3. \(^{235}_{91}Pa\) ; \(\beta\) emission
144 neutrons, 91 protons places this point slightly above the belt of stability. One thing one should also consider is that Z>83 which would indicate decay via alpha emission, however, due to the large number of protons in relation to the number of neutrons, this point lands slightly to the left of the belt, making it prefer \(\beta\) emission.
4. \(^{241}_{94}Np\) ; \(\beta\) emission
147 neutrons, 94 protons places this point slightly above the belt of stability. But once again, with the same reasoning as the last example, we must consider that Z>83 which would indicate decay via alpha emission, however, due to the large number of protons in relation to the number of neutrons, this point lands slightly to the left of the belt, making it prefer \(\beta\) emission.
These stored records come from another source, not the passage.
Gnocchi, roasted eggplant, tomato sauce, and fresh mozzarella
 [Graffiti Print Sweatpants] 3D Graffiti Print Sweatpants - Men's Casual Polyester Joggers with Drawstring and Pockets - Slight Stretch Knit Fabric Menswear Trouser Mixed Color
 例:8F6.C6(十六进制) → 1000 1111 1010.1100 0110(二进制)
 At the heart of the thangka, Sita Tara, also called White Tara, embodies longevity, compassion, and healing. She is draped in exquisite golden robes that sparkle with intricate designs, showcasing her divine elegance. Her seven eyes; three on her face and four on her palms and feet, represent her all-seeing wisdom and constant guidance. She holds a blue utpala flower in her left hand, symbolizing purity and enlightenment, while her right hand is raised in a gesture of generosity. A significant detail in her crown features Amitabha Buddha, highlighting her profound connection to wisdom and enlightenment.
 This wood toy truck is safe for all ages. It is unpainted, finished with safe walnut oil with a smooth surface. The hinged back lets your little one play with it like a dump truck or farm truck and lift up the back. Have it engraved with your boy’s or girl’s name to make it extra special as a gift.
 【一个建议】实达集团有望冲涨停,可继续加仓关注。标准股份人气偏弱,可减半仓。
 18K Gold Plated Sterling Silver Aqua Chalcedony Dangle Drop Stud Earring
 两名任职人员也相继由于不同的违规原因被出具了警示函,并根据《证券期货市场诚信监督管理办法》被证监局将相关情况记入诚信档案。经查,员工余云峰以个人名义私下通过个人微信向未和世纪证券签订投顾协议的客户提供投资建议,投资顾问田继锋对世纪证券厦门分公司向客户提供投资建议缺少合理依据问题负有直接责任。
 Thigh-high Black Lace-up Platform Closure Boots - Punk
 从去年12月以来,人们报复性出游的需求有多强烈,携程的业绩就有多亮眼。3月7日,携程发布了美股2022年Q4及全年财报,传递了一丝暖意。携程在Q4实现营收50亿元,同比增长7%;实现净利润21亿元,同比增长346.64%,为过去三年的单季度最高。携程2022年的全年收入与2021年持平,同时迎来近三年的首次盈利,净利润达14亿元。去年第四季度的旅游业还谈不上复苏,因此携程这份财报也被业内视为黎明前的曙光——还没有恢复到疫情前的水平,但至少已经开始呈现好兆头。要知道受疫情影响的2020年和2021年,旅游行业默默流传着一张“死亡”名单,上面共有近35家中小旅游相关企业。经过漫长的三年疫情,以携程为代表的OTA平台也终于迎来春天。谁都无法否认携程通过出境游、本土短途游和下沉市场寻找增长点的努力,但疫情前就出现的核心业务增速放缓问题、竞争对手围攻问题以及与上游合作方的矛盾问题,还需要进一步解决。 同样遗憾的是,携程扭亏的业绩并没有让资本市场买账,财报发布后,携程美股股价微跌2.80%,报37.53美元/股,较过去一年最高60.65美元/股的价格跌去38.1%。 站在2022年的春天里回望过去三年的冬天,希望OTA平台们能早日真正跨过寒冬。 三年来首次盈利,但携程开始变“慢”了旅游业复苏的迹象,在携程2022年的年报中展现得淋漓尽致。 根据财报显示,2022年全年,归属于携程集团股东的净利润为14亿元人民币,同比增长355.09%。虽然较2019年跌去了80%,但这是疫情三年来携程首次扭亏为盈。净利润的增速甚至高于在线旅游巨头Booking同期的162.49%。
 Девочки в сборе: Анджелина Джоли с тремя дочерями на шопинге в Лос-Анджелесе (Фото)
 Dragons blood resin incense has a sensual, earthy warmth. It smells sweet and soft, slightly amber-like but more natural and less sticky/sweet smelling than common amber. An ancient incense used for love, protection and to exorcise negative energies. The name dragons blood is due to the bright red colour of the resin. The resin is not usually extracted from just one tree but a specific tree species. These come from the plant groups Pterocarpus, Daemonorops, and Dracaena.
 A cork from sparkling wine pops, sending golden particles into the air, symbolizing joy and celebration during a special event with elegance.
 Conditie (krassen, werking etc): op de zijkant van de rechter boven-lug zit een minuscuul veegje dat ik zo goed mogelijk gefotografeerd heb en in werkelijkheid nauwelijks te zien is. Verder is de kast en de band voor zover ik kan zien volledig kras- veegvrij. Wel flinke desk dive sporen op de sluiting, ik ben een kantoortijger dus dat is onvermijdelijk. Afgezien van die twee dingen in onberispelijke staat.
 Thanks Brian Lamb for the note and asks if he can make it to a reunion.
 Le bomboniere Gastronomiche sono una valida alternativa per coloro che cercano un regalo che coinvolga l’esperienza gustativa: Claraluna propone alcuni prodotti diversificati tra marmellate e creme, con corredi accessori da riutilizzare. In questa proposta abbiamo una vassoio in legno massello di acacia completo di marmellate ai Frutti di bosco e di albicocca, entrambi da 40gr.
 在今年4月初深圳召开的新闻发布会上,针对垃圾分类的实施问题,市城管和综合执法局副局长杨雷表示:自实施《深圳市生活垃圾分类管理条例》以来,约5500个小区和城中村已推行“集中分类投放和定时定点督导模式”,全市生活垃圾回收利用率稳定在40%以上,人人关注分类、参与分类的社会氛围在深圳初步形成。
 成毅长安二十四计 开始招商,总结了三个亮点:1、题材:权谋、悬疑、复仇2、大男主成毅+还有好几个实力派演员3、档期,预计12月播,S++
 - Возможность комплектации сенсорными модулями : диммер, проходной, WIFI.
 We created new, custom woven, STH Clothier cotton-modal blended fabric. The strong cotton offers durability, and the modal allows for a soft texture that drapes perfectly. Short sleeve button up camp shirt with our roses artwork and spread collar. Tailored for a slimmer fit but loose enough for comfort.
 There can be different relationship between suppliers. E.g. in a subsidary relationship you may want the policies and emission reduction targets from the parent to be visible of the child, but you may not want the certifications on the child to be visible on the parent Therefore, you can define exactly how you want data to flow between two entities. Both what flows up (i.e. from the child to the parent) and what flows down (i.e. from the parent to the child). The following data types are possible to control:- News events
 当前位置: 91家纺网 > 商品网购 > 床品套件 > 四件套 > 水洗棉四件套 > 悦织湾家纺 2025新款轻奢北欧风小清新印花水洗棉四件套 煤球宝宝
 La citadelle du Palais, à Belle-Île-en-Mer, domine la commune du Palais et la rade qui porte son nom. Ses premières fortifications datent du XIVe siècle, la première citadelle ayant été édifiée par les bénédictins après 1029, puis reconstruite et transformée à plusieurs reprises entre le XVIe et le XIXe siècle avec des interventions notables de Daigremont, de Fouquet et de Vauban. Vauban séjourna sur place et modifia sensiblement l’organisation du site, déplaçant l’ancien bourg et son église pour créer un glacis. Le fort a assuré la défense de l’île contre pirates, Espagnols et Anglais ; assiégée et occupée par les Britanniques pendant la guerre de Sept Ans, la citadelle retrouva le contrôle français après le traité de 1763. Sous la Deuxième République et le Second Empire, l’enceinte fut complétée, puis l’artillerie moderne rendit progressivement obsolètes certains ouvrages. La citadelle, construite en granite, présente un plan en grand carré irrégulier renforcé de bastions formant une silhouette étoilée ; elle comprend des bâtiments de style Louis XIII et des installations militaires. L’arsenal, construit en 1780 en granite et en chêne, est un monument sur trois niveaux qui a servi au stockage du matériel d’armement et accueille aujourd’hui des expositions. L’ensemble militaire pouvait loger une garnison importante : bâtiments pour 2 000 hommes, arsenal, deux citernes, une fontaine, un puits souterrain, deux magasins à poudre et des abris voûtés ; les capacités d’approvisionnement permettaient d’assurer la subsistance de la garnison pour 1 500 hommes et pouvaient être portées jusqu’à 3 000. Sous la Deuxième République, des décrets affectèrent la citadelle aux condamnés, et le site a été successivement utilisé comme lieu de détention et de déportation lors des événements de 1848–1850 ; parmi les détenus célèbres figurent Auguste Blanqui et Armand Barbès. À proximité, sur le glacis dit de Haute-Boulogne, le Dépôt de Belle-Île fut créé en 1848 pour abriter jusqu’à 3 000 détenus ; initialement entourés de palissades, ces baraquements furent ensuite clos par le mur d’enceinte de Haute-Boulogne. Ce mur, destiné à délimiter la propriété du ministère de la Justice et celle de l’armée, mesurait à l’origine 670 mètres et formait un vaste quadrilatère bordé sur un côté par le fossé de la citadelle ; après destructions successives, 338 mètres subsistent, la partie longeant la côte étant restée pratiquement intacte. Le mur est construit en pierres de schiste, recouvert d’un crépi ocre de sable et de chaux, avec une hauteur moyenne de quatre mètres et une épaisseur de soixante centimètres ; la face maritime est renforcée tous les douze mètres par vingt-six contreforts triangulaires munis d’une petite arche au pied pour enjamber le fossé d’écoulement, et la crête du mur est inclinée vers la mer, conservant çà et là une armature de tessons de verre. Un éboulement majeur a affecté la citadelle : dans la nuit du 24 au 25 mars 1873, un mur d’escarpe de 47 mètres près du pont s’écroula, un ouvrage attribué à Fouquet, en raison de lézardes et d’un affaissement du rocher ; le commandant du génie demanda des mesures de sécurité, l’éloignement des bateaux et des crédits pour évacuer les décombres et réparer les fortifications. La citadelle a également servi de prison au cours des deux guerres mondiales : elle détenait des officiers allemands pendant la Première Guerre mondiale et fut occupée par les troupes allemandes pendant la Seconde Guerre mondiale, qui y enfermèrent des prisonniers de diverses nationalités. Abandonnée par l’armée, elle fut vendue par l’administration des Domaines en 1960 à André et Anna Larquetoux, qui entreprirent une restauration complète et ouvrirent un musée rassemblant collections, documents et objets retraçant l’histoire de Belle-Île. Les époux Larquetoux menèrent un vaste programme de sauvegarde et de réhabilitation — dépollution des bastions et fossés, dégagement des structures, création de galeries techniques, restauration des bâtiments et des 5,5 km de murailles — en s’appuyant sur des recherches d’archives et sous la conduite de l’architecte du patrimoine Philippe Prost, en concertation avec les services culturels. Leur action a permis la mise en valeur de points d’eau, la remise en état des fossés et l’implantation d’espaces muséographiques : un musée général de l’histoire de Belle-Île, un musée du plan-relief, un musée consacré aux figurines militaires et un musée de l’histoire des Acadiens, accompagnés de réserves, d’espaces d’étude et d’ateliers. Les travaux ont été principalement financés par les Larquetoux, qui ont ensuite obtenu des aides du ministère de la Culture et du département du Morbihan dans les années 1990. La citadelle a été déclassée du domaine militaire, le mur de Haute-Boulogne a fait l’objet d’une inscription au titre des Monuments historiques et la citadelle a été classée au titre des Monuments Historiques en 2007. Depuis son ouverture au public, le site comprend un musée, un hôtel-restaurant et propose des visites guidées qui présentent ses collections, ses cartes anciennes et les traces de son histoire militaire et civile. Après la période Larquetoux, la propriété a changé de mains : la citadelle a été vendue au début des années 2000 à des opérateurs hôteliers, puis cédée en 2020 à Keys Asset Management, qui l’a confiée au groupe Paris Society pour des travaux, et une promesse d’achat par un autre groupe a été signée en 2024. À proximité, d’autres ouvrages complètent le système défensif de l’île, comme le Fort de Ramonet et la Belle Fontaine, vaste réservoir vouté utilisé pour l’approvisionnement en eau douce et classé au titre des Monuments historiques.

5. \(^{18}_{}F\) ; positron (\(\beta^+\)) emission
9 neutrons, 9 protons places this point slightly below the belt of stability towards the bottom of the graph so positron (\(\beta^+\)) emission is preferred.
6. \(^{129}_{}Ba\) ; positron (\(\beta^+\)) emission
73 neutrons, 56 protons places this point really close to the belt, which makes it hard to see. But approximations put the ratio just below the belt, making it prefer positron (\(\beta^+\)) emission.
7. \(^{237}_{}Pu\) ; positron (\(\beta^+\)) emission
143 neutrons, 94 protons places the point right below the belt of stability, near the red are in the graph shown above which should indicate \(\alpha\) decay but because its low ratio of neutrons to protons, positron (\(\beta^+\)) emission is actually preferred.